## Data provided
=== Section Start ===

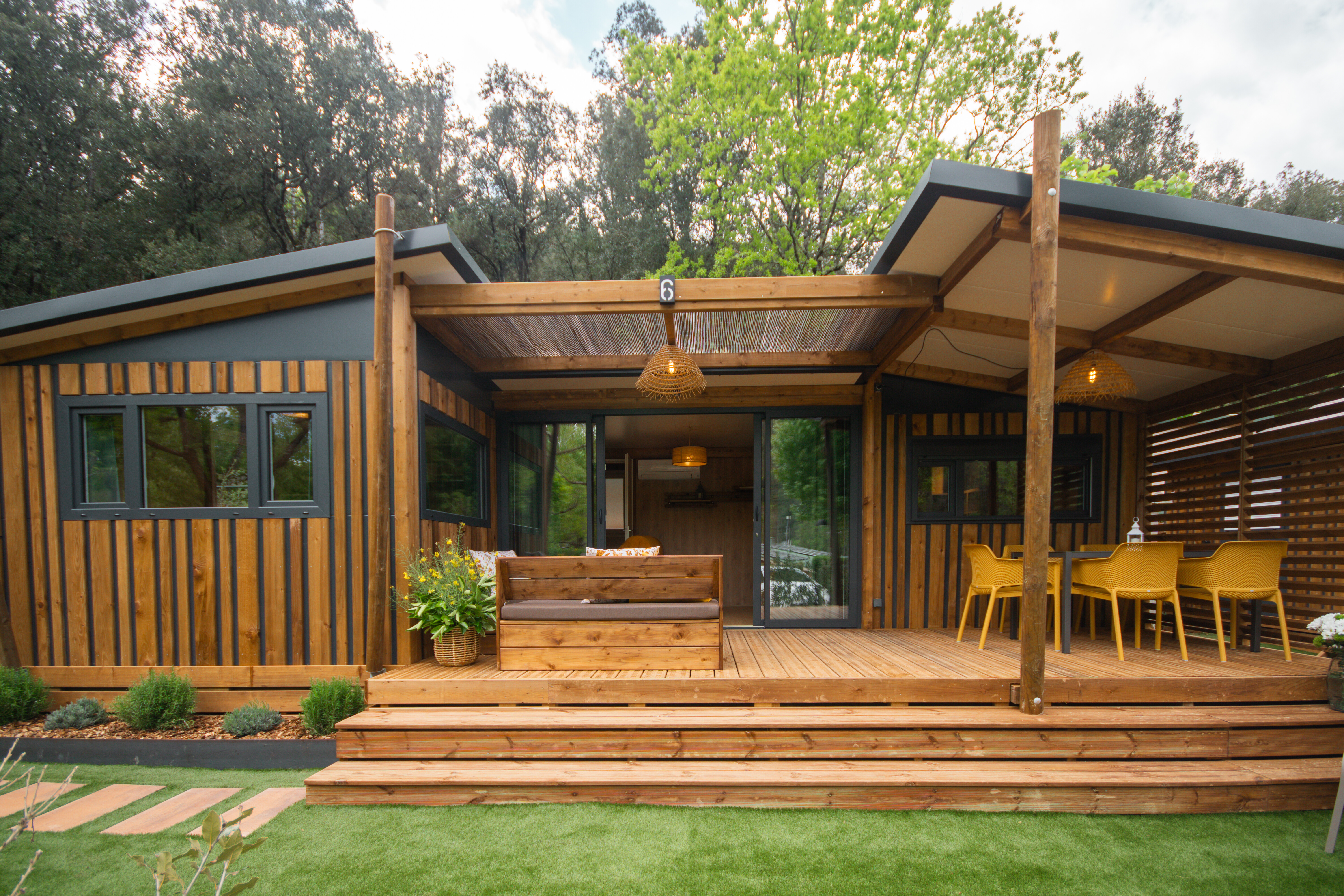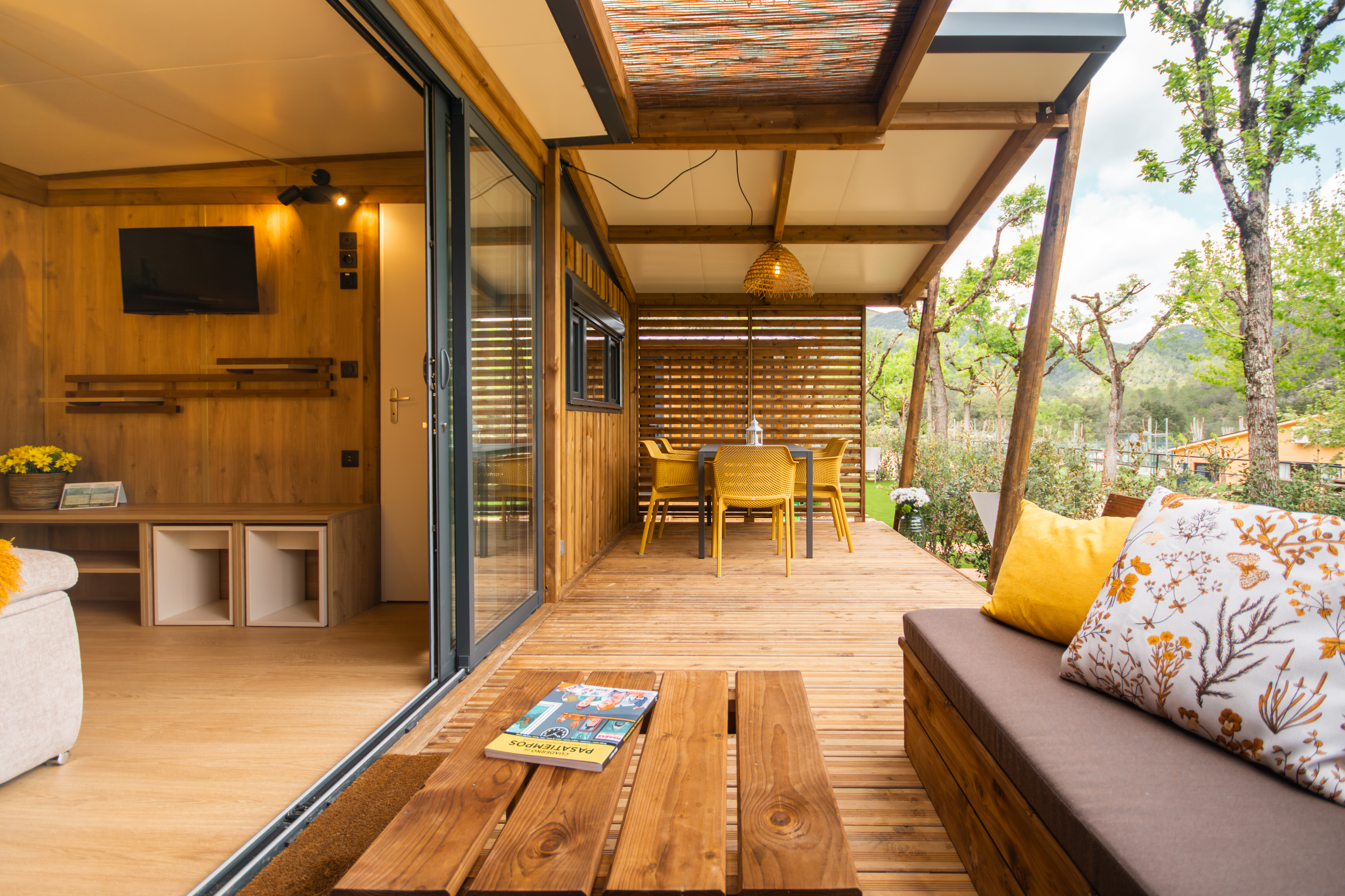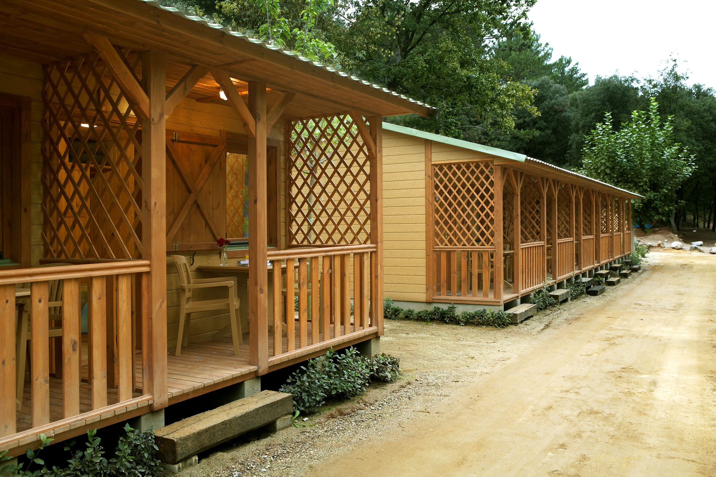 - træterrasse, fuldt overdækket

=== Section End ===
=== Section Start ===

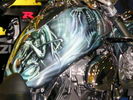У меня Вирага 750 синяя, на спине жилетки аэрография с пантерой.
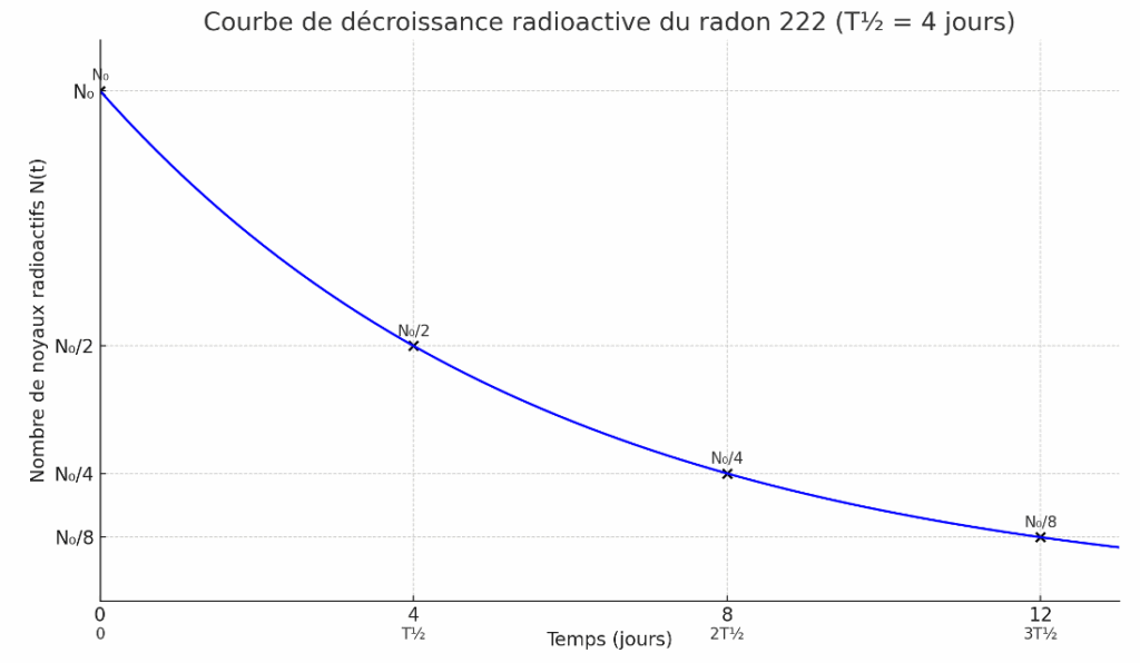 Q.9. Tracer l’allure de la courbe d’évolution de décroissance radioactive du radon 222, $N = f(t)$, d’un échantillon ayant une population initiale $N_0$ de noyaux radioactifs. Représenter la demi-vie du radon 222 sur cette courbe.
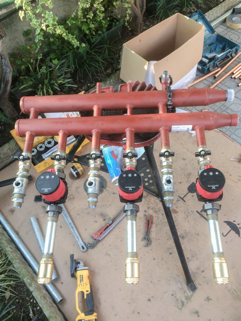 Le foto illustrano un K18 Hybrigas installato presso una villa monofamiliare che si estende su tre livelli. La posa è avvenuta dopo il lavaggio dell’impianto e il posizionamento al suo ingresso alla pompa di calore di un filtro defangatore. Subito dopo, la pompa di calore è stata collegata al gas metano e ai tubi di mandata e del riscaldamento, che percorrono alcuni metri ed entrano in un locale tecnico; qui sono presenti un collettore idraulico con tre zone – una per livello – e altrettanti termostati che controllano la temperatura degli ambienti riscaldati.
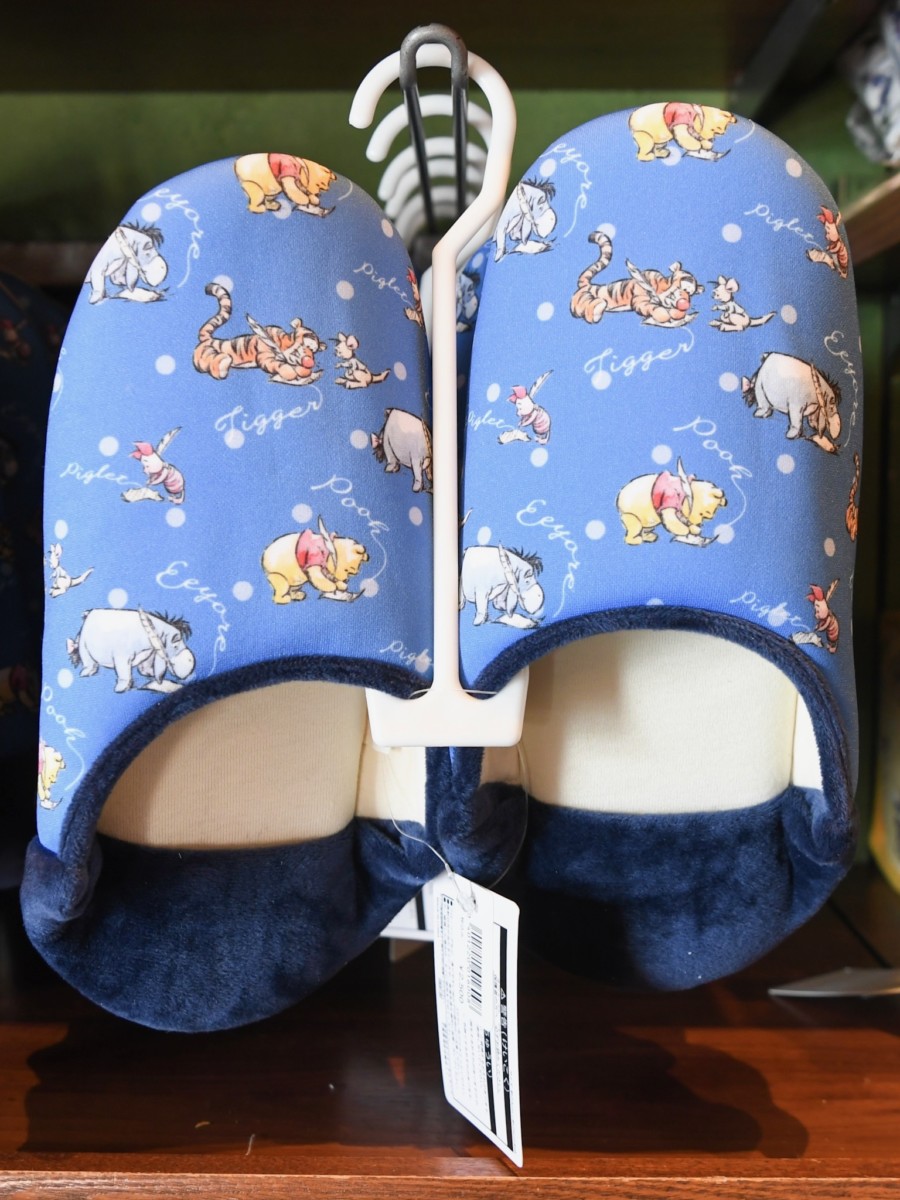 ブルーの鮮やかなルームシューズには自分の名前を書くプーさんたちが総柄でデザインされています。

=== Section End ===
=== Section Start ===

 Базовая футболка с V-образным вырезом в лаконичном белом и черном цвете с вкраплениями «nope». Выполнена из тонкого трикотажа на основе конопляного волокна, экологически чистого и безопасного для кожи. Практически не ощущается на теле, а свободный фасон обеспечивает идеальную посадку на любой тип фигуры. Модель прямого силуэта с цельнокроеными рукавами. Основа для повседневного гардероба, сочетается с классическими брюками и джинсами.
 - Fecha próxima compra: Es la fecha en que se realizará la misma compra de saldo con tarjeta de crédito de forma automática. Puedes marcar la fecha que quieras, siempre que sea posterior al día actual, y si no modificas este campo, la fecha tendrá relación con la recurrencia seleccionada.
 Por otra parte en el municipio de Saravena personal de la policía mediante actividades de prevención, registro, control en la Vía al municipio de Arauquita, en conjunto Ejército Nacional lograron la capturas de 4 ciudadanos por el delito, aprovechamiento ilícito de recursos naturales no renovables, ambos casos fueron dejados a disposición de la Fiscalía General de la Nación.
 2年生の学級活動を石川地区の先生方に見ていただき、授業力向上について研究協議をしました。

=== Section End ===

## Problem details
Find where the line with "Por otra parte" sits in the material above, then copy exactly from it through the line with "2年生の学級活動を石川地区の". Add no other line.

## Response area
 Por otra parte en el municipio de Saravena personal de la policía mediante actividades de prevención, registro, control en la Vía al municipio de Arauquita, en conjunto Ejército Nacional lograron la capturas de 4 ciudadanos por el delito, aprovechamiento ilícito de recursos naturales no renovables, ambos casos fueron dejados a disposición de la Fiscalía General de la Nación.
 2年生の学級活動を石川地区の先生方に見ていただき、授業力向上について研究協議をしました。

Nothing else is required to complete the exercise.